#### Input data:
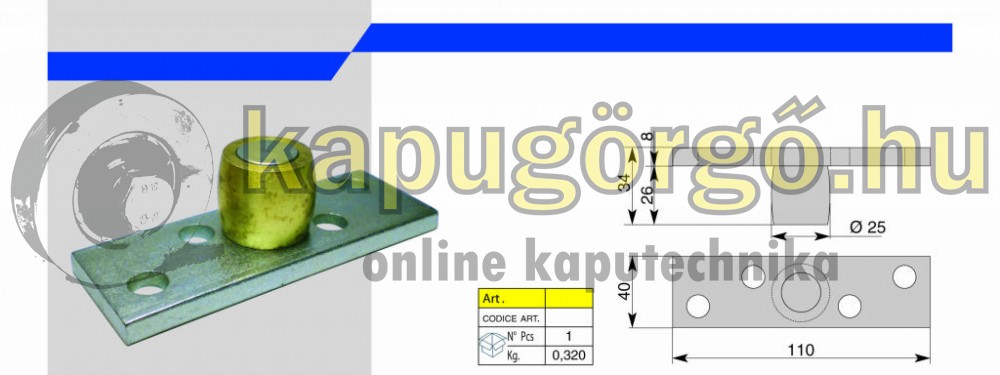 Alsó vezető görgő lemezen, függőkapu rendszerhez.
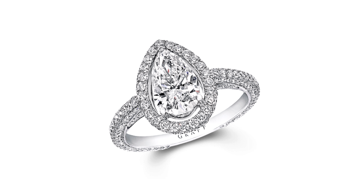 ومن علامة غراف Graff، اخترنا لك خاتم رفيع مرصع بأحجار الألماس الأبيض مع حجر الألماس بقصة الإجاصة في الوسط.
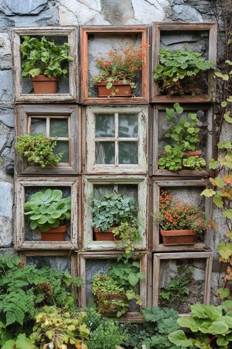Add whimsical charm to your garden with repurposed window frames. Lean these vintage windows against a fence or tree to create an illusion of an outdoor room.
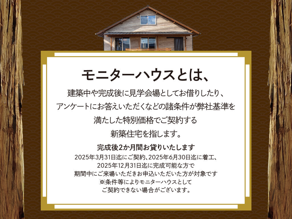 タイトル 【新春感謝祭】ほっとする木の家★「モニターハウス新築キャンペーン」
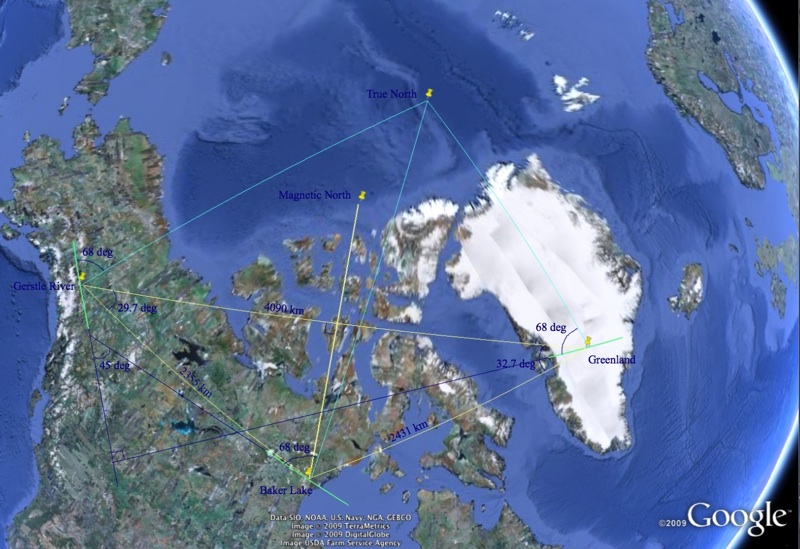 The green line segments at the vertices of the yellow triangle show the orientations of the objects, which are too small to be seen at this magnification. Notice that the line extending the Greenland object is exactly perpendicular to the line extending the Gerstle River object, and that the angle between the extended Baker Lake object and the other two is 45 degrees.
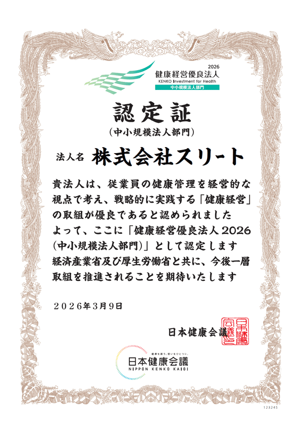 株式会社スリートは、このたび、従業員の健康管理について戦略的に取り組んでいる優良法人を認定する健康経営優良法人認定事務局より「健康経営優良法人2026(中小規模法人部門)認定証」を受領いたしました。
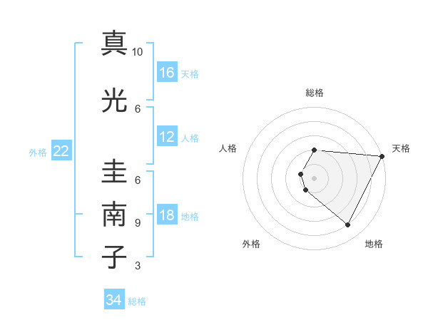 真光 圭南子さんを姓名の画数から五運を鑑定
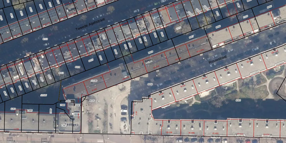 Het perceel waarop Riouwstraat 21-H staat heeft een oppervlakte van 611 m². Dit is een groot perceel. De perceeloppervlakte wordt geregistreerd door het Kadaster. Gedetailleerde informatie over de maten van dit perceel kunt u vinden in het rapport Kadastrale kaart met maatvoering van Riouwstraat 21-H.

#### Exercise instructions:
Take every entry above and transcribe it exactly, with no pictures in the copy.

#### Worked solution:
 Alsó vezető görgő lemezen, függőkapu rendszerhez.
 ومن علامة غراف Graff، اخترنا لك خاتم رفيع مرصع بأحجار الألماس الأبيض مع حجر الألماس بقصة الإجاصة في الوسط.
Add whimsical charm to your garden with repurposed window frames. Lean these vintage windows against a fence or tree to create an illusion of an outdoor room.
 タイトル 【新春感謝祭】ほっとする木の家★「モニターハウス新築キャンペーン」
 The green line segments at the vertices of the yellow triangle show the orientations of the objects, which are too small to be seen at this magnification. Notice that the line extending the Greenland object is exactly perpendicular to the line extending the Gerstle River object, and that the angle between the extended Baker Lake object and the other two is 45 degrees.
 株式会社スリートは、このたび、従業員の健康管理について戦略的に取り組んでいる優良法人を認定する健康経営優良法人認定事務局より「健康経営優良法人2026(中小規模法人部門)認定証」を受領いたしました。
 真光 圭南子さんを姓名の画数から五運を鑑定
 Het perceel waarop Riouwstraat 21-H staat heeft een oppervlakte van 611 m². Dit is een groot perceel. De perceeloppervlakte wordt geregistreerd door het Kadaster. Gedetailleerde informatie over de maten van dit perceel kunt u vinden in het rapport Kadastrale kaart met maatvoering van Riouwstraat 21-H.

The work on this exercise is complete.